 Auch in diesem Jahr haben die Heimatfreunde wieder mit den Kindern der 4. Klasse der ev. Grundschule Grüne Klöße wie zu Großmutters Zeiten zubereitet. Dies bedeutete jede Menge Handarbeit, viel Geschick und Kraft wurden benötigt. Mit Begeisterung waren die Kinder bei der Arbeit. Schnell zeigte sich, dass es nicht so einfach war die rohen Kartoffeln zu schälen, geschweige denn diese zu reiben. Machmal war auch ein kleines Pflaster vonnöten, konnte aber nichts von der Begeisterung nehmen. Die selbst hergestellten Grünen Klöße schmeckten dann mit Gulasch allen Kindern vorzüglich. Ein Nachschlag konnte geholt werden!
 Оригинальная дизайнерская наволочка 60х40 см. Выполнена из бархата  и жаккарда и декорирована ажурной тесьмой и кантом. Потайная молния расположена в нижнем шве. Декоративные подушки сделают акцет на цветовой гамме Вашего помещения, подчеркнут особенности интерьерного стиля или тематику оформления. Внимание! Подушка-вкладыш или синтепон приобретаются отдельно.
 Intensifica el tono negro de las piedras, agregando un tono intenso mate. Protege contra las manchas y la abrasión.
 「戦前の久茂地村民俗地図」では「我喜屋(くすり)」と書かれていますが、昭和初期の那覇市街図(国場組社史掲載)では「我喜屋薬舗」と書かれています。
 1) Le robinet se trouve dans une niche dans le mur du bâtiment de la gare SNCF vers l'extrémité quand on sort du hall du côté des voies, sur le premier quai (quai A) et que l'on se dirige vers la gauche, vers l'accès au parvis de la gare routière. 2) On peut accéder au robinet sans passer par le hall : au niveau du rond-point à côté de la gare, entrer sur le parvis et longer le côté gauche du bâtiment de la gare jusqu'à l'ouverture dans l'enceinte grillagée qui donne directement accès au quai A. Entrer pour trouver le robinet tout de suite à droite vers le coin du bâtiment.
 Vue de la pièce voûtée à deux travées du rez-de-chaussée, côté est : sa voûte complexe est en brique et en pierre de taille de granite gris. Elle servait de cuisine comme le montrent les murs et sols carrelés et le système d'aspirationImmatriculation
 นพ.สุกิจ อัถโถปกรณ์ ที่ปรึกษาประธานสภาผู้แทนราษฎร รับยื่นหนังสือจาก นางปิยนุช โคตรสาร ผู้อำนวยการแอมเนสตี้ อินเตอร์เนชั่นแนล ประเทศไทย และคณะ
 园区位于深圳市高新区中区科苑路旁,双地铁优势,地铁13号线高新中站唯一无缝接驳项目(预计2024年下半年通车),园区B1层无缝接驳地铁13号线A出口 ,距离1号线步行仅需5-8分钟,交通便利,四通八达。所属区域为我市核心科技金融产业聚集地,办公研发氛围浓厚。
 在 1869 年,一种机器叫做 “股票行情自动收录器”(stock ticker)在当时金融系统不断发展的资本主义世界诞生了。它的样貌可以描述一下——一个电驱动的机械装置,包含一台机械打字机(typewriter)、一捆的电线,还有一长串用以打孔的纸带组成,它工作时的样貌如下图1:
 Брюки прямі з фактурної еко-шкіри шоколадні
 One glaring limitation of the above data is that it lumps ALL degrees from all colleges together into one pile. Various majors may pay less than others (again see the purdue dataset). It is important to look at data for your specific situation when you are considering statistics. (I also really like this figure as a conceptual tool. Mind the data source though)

•••••

(REQUIREMENT) The whole listing is to be transcribed exactly.

(RESULT OF THE TASK)
 Auch in diesem Jahr haben die Heimatfreunde wieder mit den Kindern der 4. Klasse der ev. Grundschule Grüne Klöße wie zu Großmutters Zeiten zubereitet. Dies bedeutete jede Menge Handarbeit, viel Geschick und Kraft wurden benötigt. Mit Begeisterung waren die Kinder bei der Arbeit. Schnell zeigte sich, dass es nicht so einfach war die rohen Kartoffeln zu schälen, geschweige denn diese zu reiben. Machmal war auch ein kleines Pflaster vonnöten, konnte aber nichts von der Begeisterung nehmen. Die selbst hergestellten Grünen Klöße schmeckten dann mit Gulasch allen Kindern vorzüglich. Ein Nachschlag konnte geholt werden!
 Оригинальная дизайнерская наволочка 60х40 см. Выполнена из бархата  и жаккарда и декорирована ажурной тесьмой и кантом. Потайная молния расположена в нижнем шве. Декоративные подушки сделают акцет на цветовой гамме Вашего помещения, подчеркнут особенности интерьерного стиля или тематику оформления. Внимание! Подушка-вкладыш или синтепон приобретаются отдельно.
 Intensifica el tono negro de las piedras, agregando un tono intenso mate. Protege contra las manchas y la abrasión.
 「戦前の久茂地村民俗地図」では「我喜屋(くすり)」と書かれていますが、昭和初期の那覇市街図(国場組社史掲載)では「我喜屋薬舗」と書かれています。
 1) Le robinet se trouve dans une niche dans le mur du bâtiment de la gare SNCF vers l'extrémité quand on sort du hall du côté des voies, sur le premier quai (quai A) et que l'on se dirige vers la gauche, vers l'accès au parvis de la gare routière. 2) On peut accéder au robinet sans passer par le hall : au niveau du rond-point à côté de la gare, entrer sur le parvis et longer le côté gauche du bâtiment de la gare jusqu'à l'ouverture dans l'enceinte grillagée qui donne directement accès au quai A. Entrer pour trouver le robinet tout de suite à droite vers le coin du bâtiment.
 Vue de la pièce voûtée à deux travées du rez-de-chaussée, côté est : sa voûte complexe est en brique et en pierre de taille de granite gris. Elle servait de cuisine comme le montrent les murs et sols carrelés et le système d'aspirationImmatriculation
 นพ.สุกิจ อัถโถปกรณ์ ที่ปรึกษาประธานสภาผู้แทนราษฎร รับยื่นหนังสือจาก นางปิยนุช โคตรสาร ผู้อำนวยการแอมเนสตี้ อินเตอร์เนชั่นแนล ประเทศไทย และคณะ
 园区位于深圳市高新区中区科苑路旁,双地铁优势,地铁13号线高新中站唯一无缝接驳项目(预计2024年下半年通车),园区B1层无缝接驳地铁13号线A出口 ,距离1号线步行仅需5-8分钟,交通便利,四通八达。所属区域为我市核心科技金融产业聚集地,办公研发氛围浓厚。
 在 1869 年,一种机器叫做 “股票行情自动收录器”(stock ticker)在当时金融系统不断发展的资本主义世界诞生了。它的样貌可以描述一下——一个电驱动的机械装置,包含一台机械打字机(typewriter)、一捆的电线,还有一长串用以打孔的纸带组成,它工作时的样貌如下图1:
 Брюки прямі з фактурної еко-шкіри шоколадні
 One glaring limitation of the above data is that it lumps ALL degrees from all colleges together into one pile. Various majors may pay less than others (again see the purdue dataset). It is important to look at data for your specific situation when you are considering statistics. (I also really like this figure as a conceptual tool. Mind the data source though)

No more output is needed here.